The first step was to write down a formula to determine the final velocity, intuitively it should be given by the sum of the initial velocity and how it changed during the fall; something like the following formula should do the job:

$v_f = v_0 + g\cdot t$     (1)

where $g$ is the gravitational acceleration (9.8 m/s), and $t$ is the time taken for the ball to hit the ground. It looks reasonable, but we didn’t know yet how long it took for the ball to hit the ground, in other words there are two unknown in the above formula: the final velocity, $v_f$ and the duration of the motion $t$.

We didn’t know the time taken $t$ and we didn’t use the information regarding the height of the tower (or in other words the distance covered during the motion); it sounded like a good idea determining $t$ using another formula that uses the distance covered $d$; we knew that the average speed is computed as the distance covered divided by the time taken to cover the same distance:

$v_{avg} = \frac{d}{t}$     (2).

With some simple arithmetic we can obtain the time taken as:

$t = \frac{d}{v_{avg}}$     (3).

Did we know the average velocity? We didn’t! Since the acceleration (we didn’t forget that it is the rate of change of velocity) in a free fall is constant, it looked reasonable to compute the average velocity as the sum of the initial and final velocities and divided it by two:

$v_{avg} = \frac{v_0 + v_f}{2}$     (4).

Using the formula (4) and (3) we obtained a new formula for determining the time taken:

$t = \frac{2\cdot d}{v_0 + v_f}$     (5).

Again two unknowns! But we were lucky the are the same two unknowns seen in (1), this means that we can combine (1) and (5) to get rid of one of them and determine the value of the other; so if we substitute $t$ in (1) with the left side of (5) we obtain:

$v_f = v_0 + g\cdot \frac{2\cdot d}{v_0 + v_f}$     (6).

And finally with a little bit of arithmetic we could compute the final velocity as in:

$v_f = \sqrt{v_0^2 + 2 \cdot d \cdot g}$     (7).

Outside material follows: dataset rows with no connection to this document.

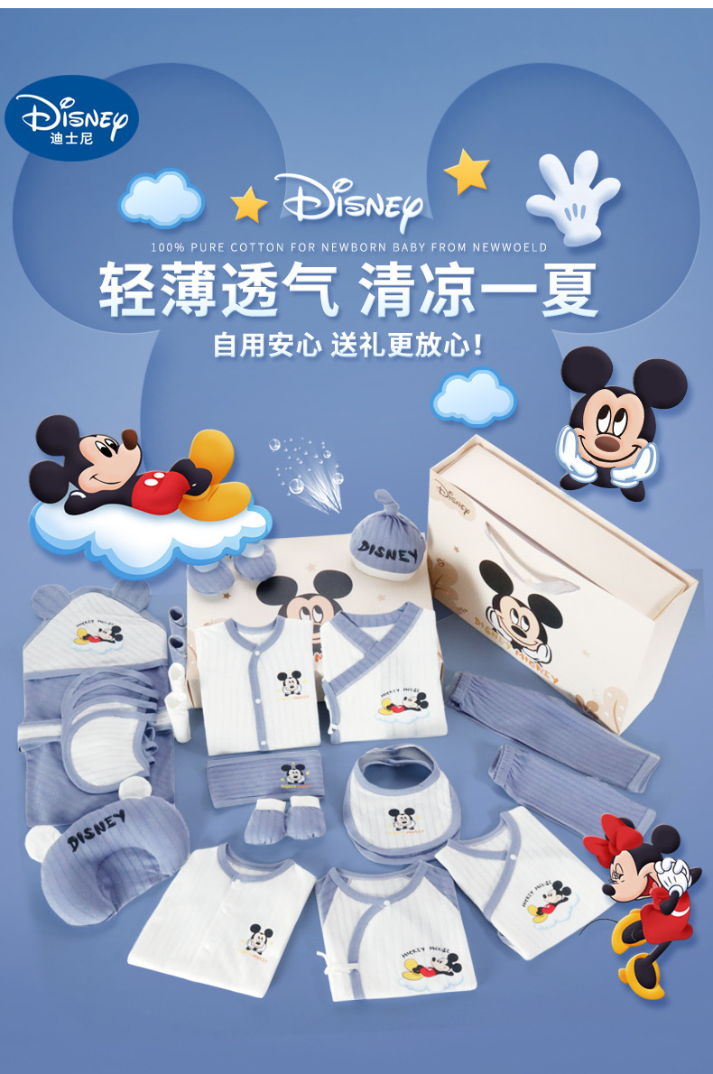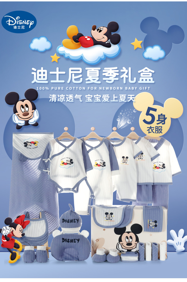 ミッキー 夏の新生児ギフトボックス ベビー空調服 パジャマギフト 赤ちゃんワンピース ロンパース 百日祝い 純綿セット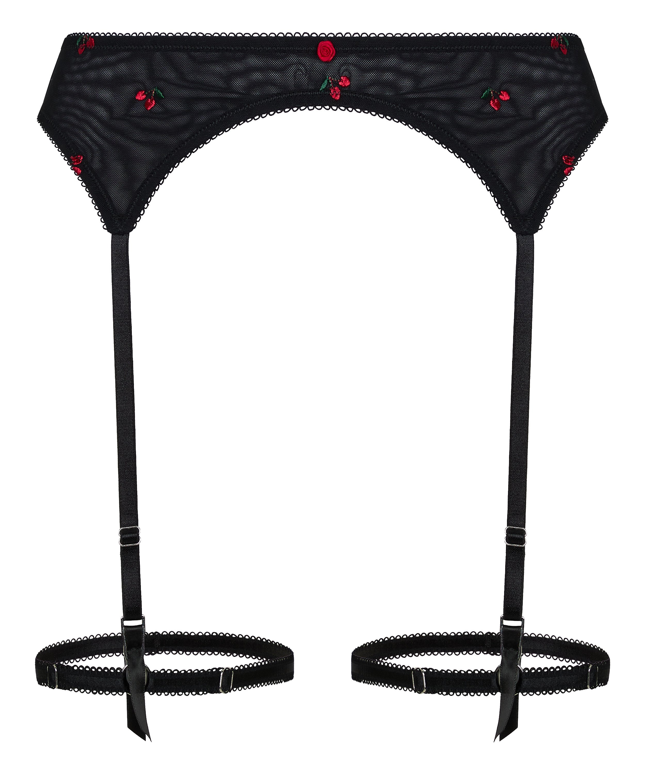 Sweet meets seductive with this playful suspender belt, crafted from sheer mesh for a flirty finish. Adorned with delicate cherry embroideries, it adds a fun and feminine touch to your lingerie look. Adjustable straps ensure a perfect fit while soft satin trims elevate the design. Ideal for pairing with matching bra and Brazilian for a coordinated ensemble.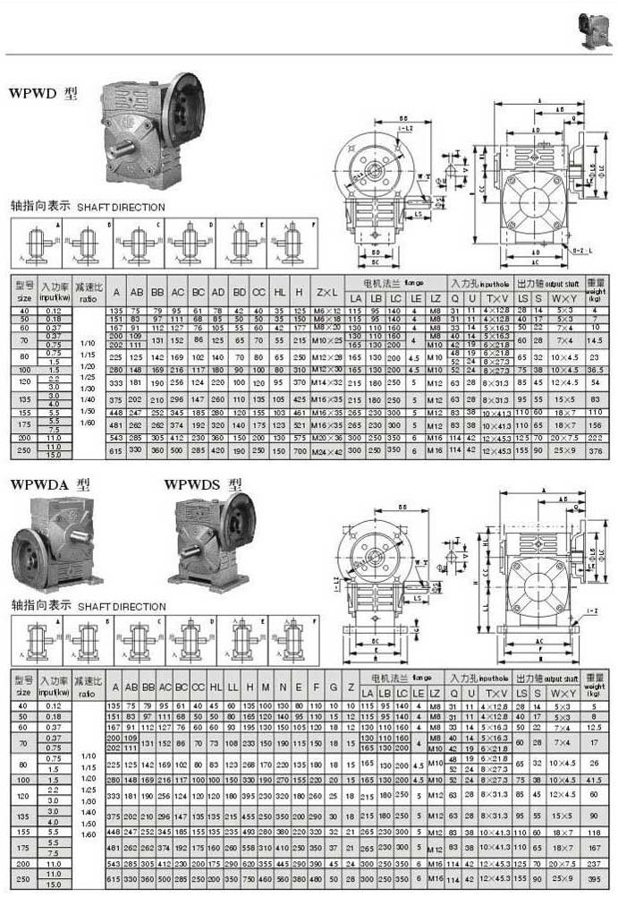 WPWD,WPWDA,WPWDS型型號(hào)參數(shù)圖表

We know all the quantities in the left side of (7), let’s plug the numbers in:

$v_f = \sqrt{12^2 \: \frac{m^2}{s^2} + 2 \cdot 40\: m \cdot 9.8 \: \frac{m}{s^2}}= \sqrt{928 \: \frac{m^2}{s^2}} = 30.46 \: \frac{m}{s} \approx 30.5 \: \frac{m}{s}.$

Knock out! After “only” 40 minutes (of yelling and cursing) we obtained the correct solution with a reasonable enough procedure.